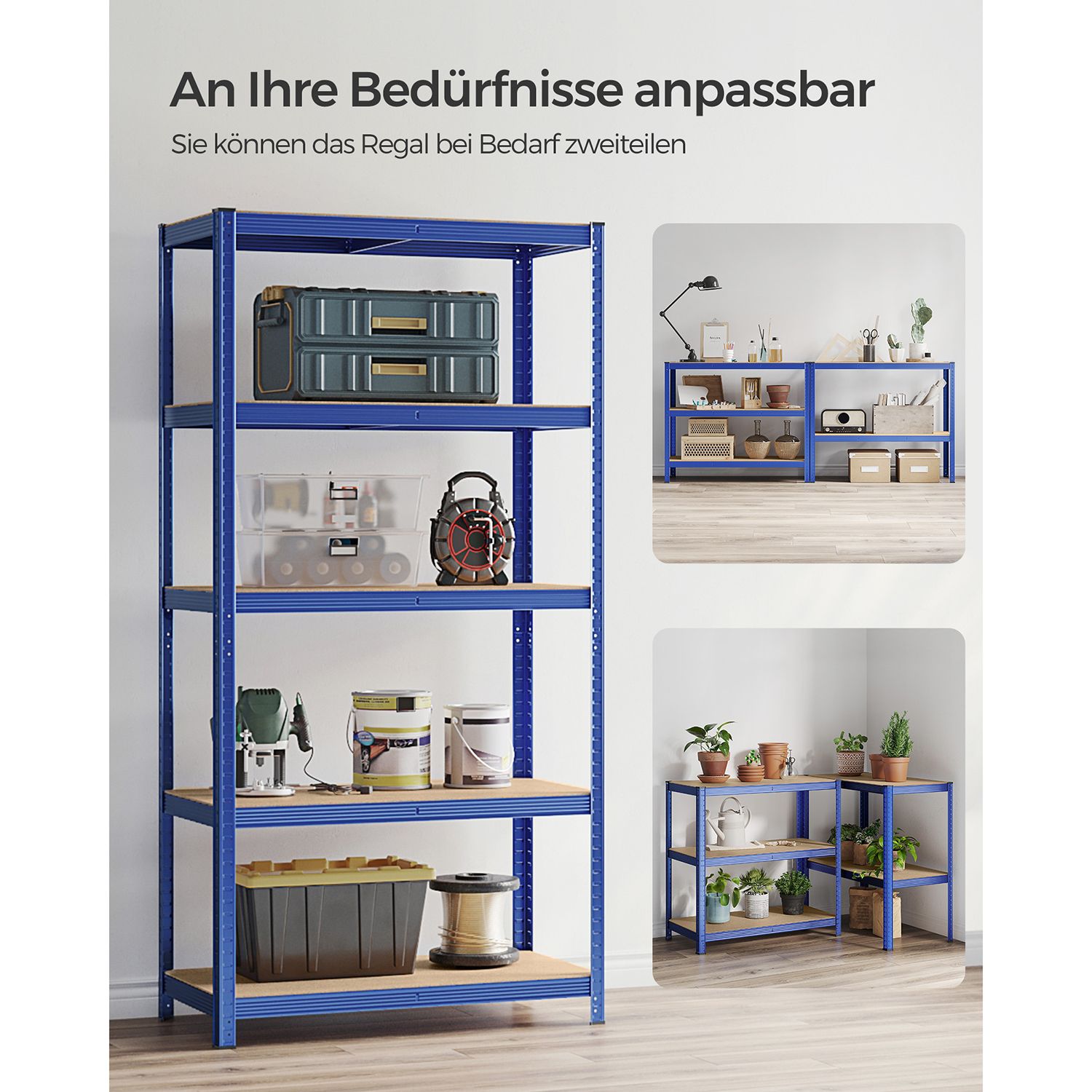 Produktdetaljer: Farve: Bl? Materiale: Pulverlakeret st?l, MDF (MDF) St?rrelse pr. reol: 50 x 100 x 200 cm (D x B x H) V?gt pr. reol: 16,8 kg Maks. statisk belastning pr. hylde: 120 kg Maks. statisk belastning i alt pr. reol: 600 kg Leveringsomfang: 2 x lagerreol 2 x v?ltebeskyttelse 1 x vejledning SONGMICS Bem?rkninger:Fastg?r produktet til v?ggen med den medf?lgende v?gbeskyttelse for at sikre sikkerheden under brug. Brug altid handsker under monteringen. Placer ikke produktet i et fugtigt milj?.Den maksimale belastning i teksten refererer til den maksimale statiske v?gt. For at lette transporten leveres produktet i 2 pakker. Disse ankommer normalt samtidig. V?r t?lmodig, hvis du f?rst modtager ?n pakke. Den anden pakke b?r ankomme kort tid efter.
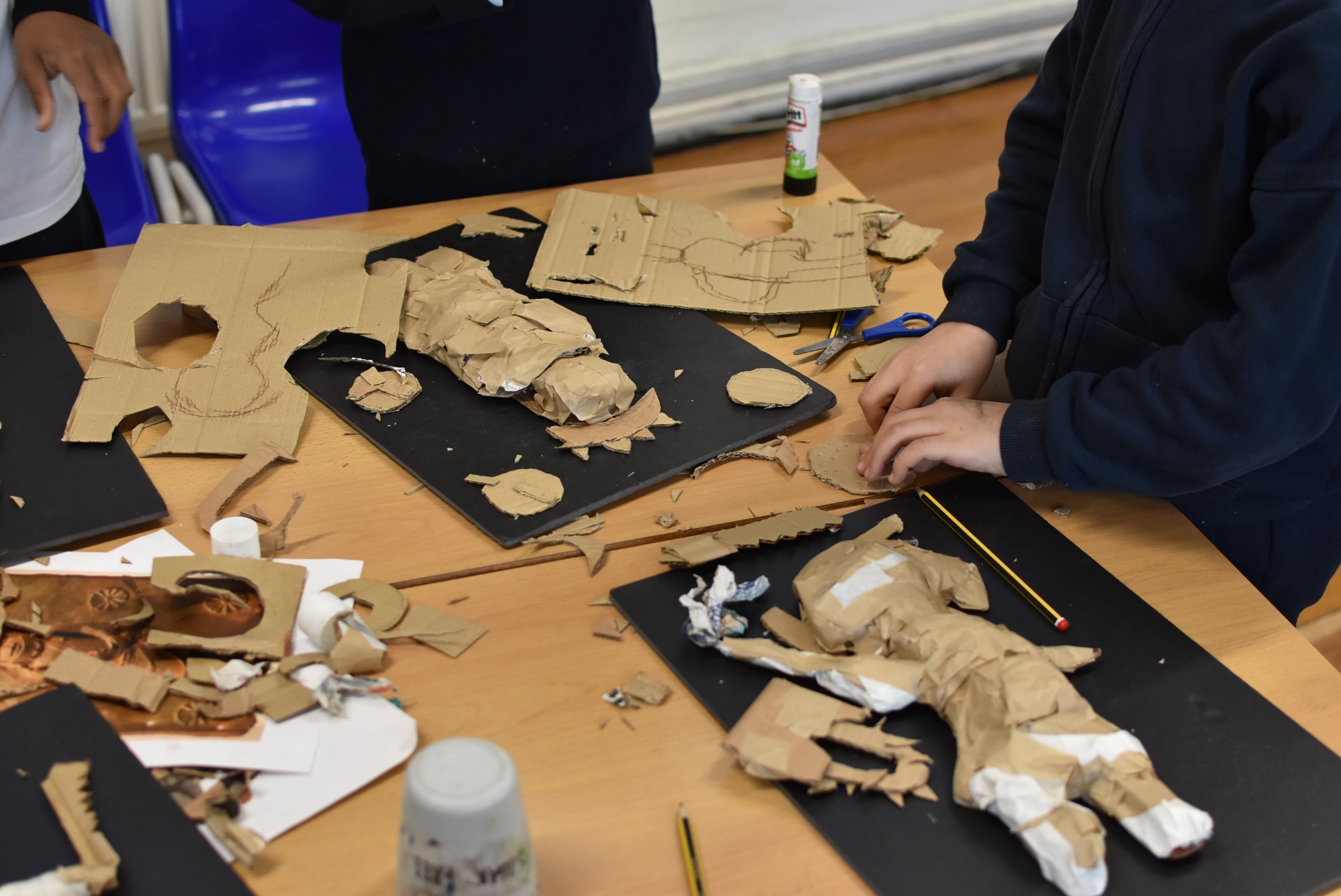 Both Year 6 classes, Iroko and Jacaranda, took part in a unique two-day art project last week, exploring the history and artistic traditions of the Benin Bronzes. Building on their earlier learning in humanities, pupils created their own artworks inspired by the rich heritage of the Benin Kingdom.
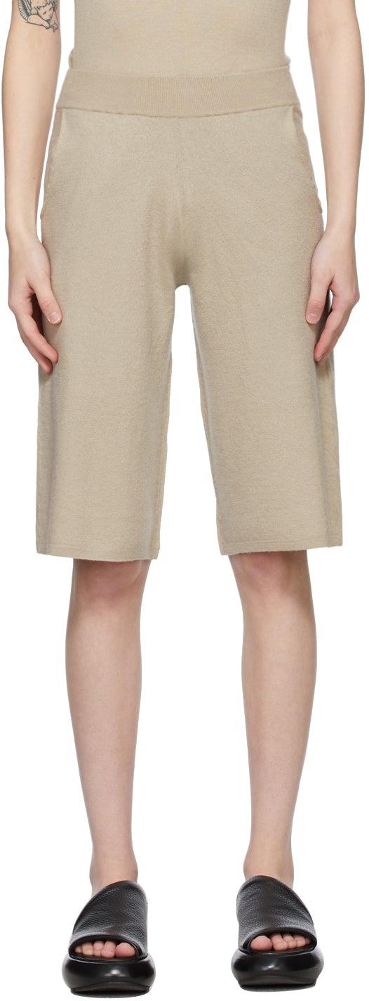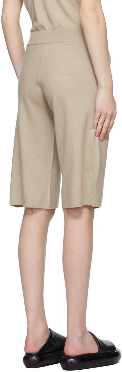 Fully fashioned knit cashmere shorts in beige. Mid-rise. Rib knit waistband. Supplier color: Dark chal 100% cashmere. Brand: Frenckenberger

▶ **WORK TO BE COMPLETED**: The listing above, line by line: print it exactly, but not its pictures.

▶ **EXPECTED OUTPUT**:
 Produktdetaljer: Farve: Bl? Materiale: Pulverlakeret st?l, MDF (MDF) St?rrelse pr. reol: 50 x 100 x 200 cm (D x B x H) V?gt pr. reol: 16,8 kg Maks. statisk belastning pr. hylde: 120 kg Maks. statisk belastning i alt pr. reol: 600 kg Leveringsomfang: 2 x lagerreol 2 x v?ltebeskyttelse 1 x vejledning SONGMICS Bem?rkninger:Fastg?r produktet til v?ggen med den medf?lgende v?gbeskyttelse for at sikre sikkerheden under brug. Brug altid handsker under monteringen. Placer ikke produktet i et fugtigt milj?.Den maksimale belastning i teksten refererer til den maksimale statiske v?gt. For at lette transporten leveres produktet i 2 pakker. Disse ankommer normalt samtidig. V?r t?lmodig, hvis du f?rst modtager ?n pakke. Den anden pakke b?r ankomme kort tid efter.
 Both Year 6 classes, Iroko and Jacaranda, took part in a unique two-day art project last week, exploring the history and artistic traditions of the Benin Bronzes. Building on their earlier learning in humanities, pupils created their own artworks inspired by the rich heritage of the Benin Kingdom.
 Fully fashioned knit cashmere shorts in beige. Mid-rise. Rib knit waistband. Supplier color: Dark chal 100% cashmere. Brand: Frenckenberger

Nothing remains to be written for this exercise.